The answer is to be the lines of the material from its start through the line containing "募集内容はリード環境アーティストでAAAの次世代ゲームタイトルになります。", each copied exactly; no pictures.

> RECORDS SHOWN:
↓

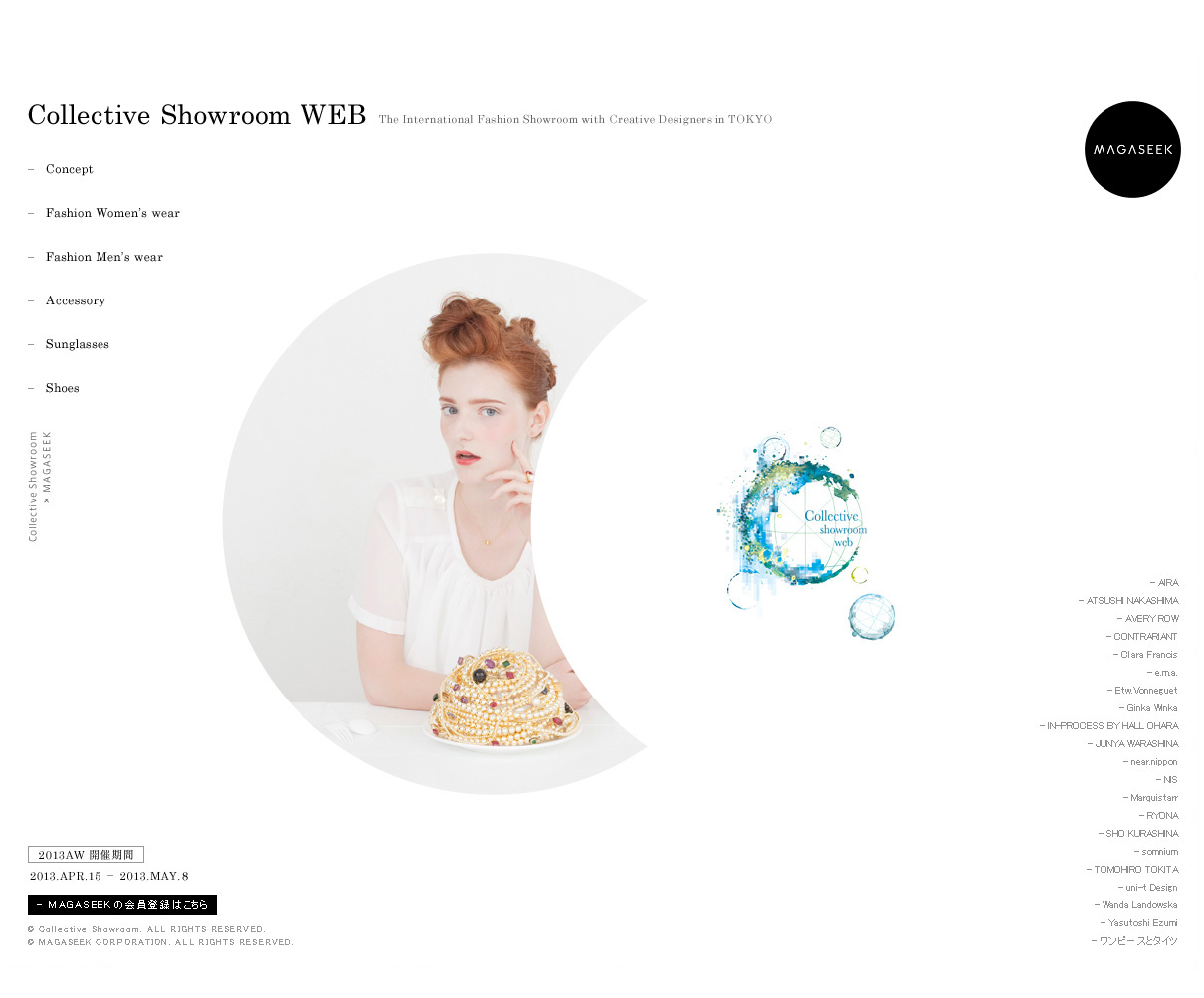 総合ファッション通販サイト「MAGASEEK」を運営するマガシーク株式会社(本社:東京都千代田区、代表取締役社長:井上 直也、以下「マガシーク」)は、日本の有望な若手デザイナーの支援を目的として開催した日本初のWEB展示会「Collective Showroom WEB(コレクティブショウルーム ウェブ)」の第二弾となる「Collective Showroom WEB 2nd(コレクティブショウルーム ウェブ セカンド)」を、2013年4月15日より期間限定で開催いたします。
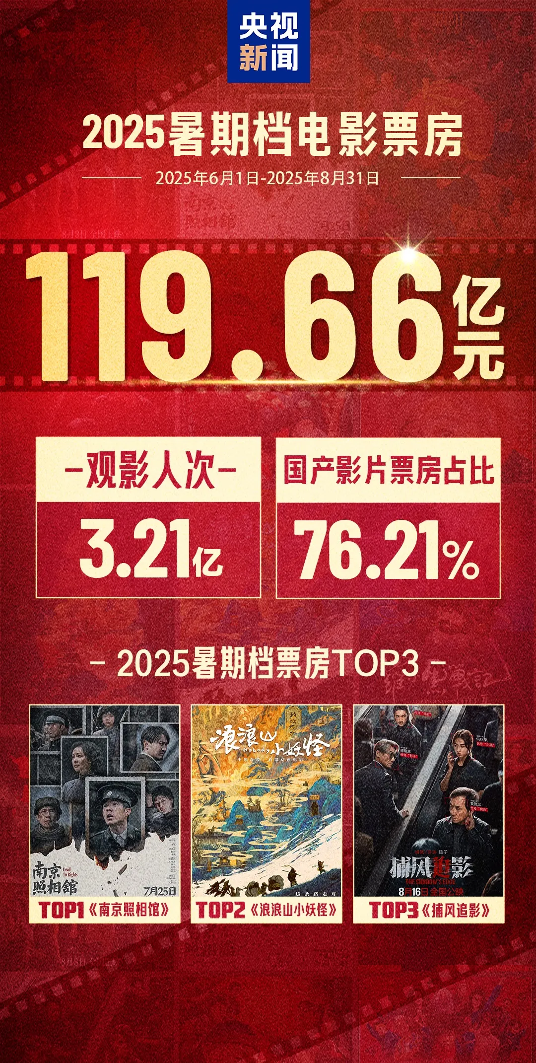 根据国家电影局统计,2025年暑期档(6月1日至8月31日)电影票房为119.66亿元,观影人次为3.21亿,同比分别增长2.76%和12.75%,国产影片票房占比为76.21%,超过去年同档期。
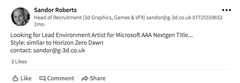 募集内容はリード環境アーティストでAAAの次世代ゲームタイトルになります。
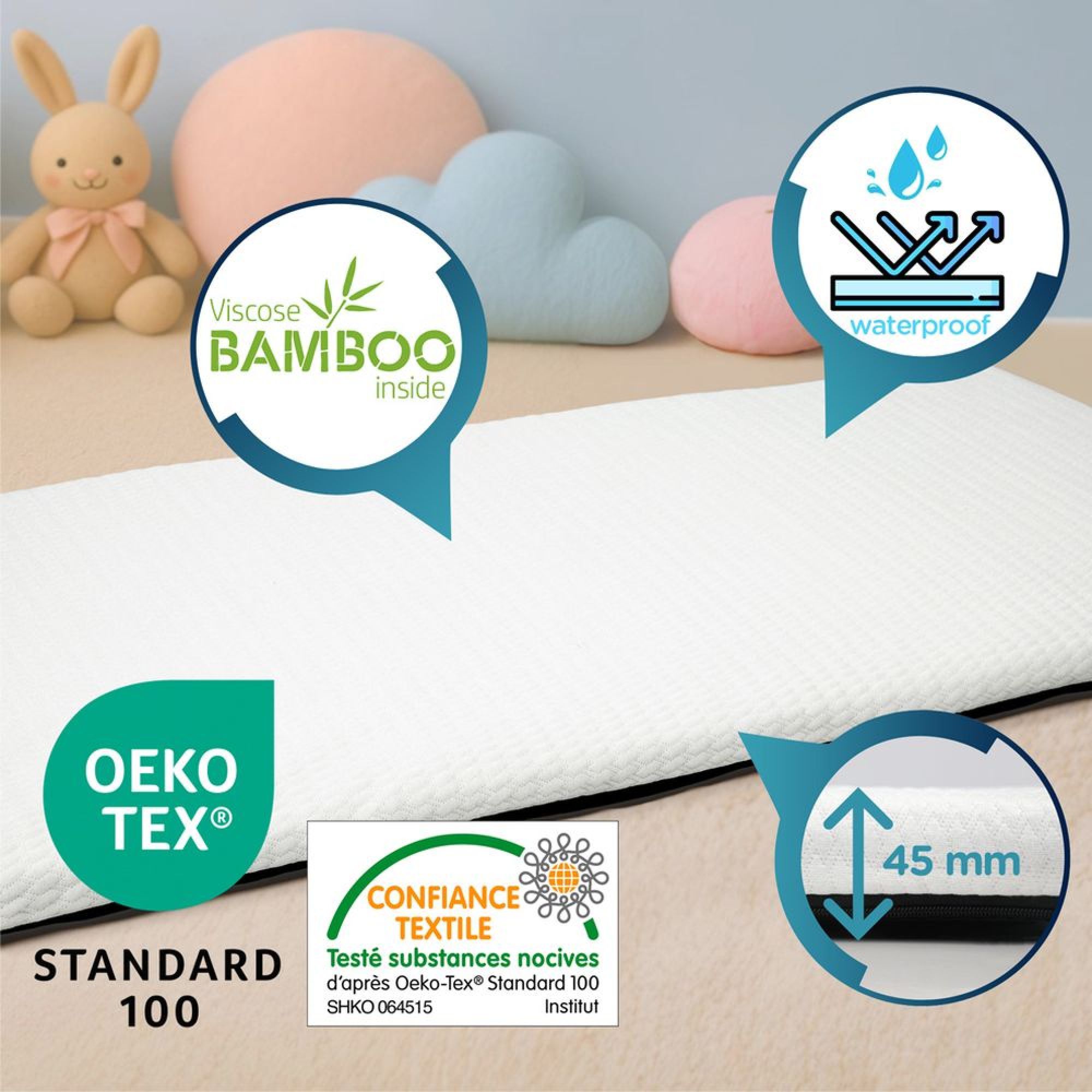 Pour une hygiène irréprochable, la housse du matelas se retire facilement grâce à un système de zip. La housse peut être nettoyée en cycle délicat, ce qui est indispensable pour gérer les petits accidents du quotidien (régurgitations, fuites). Conçu pour favoriser la circulation de l'air, il limite la transpiration excessive du nourrisson pendant son sommeil.
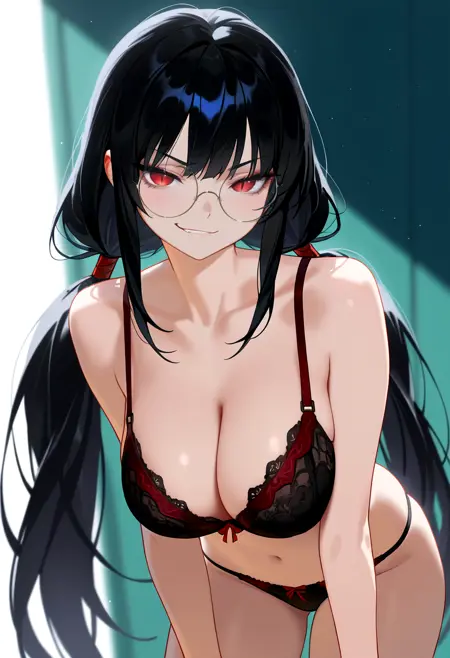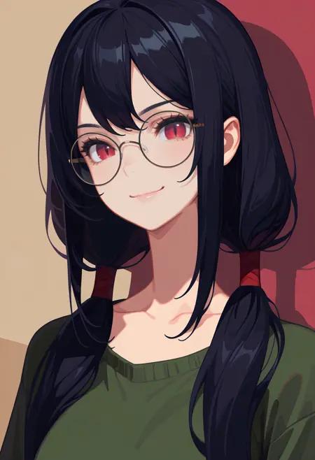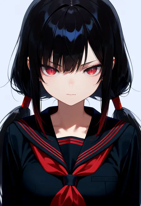 _black hair, red eyes, slit pupils, long hair, low twintails, hair tie,
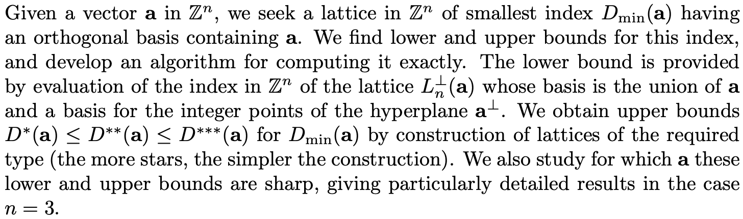 Lattices of Minimal Index in \(\mathbb{Z}^n\) Having an Orthogonal Basis Containing a Given Vector

↑

> WRITTEN ANSWER:
 総合ファッション通販サイト「MAGASEEK」を運営するマガシーク株式会社(本社:東京都千代田区、代表取締役社長:井上 直也、以下「マガシーク」)は、日本の有望な若手デザイナーの支援を目的として開催した日本初のWEB展示会「Collective Showroom WEB(コレクティブショウルーム ウェブ)」の第二弾となる「Collective Showroom WEB 2nd(コレクティブショウルーム ウェブ セカンド)」を、2013年4月15日より期間限定で開催いたします。
 根据国家电影局统计,2025年暑期档(6月1日至8月31日)电影票房为119.66亿元,观影人次为3.21亿,同比分别增长2.76%和12.75%,国产影片票房占比为76.21%,超过去年同档期。
 募集内容はリード環境アーティストでAAAの次世代ゲームタイトルになります。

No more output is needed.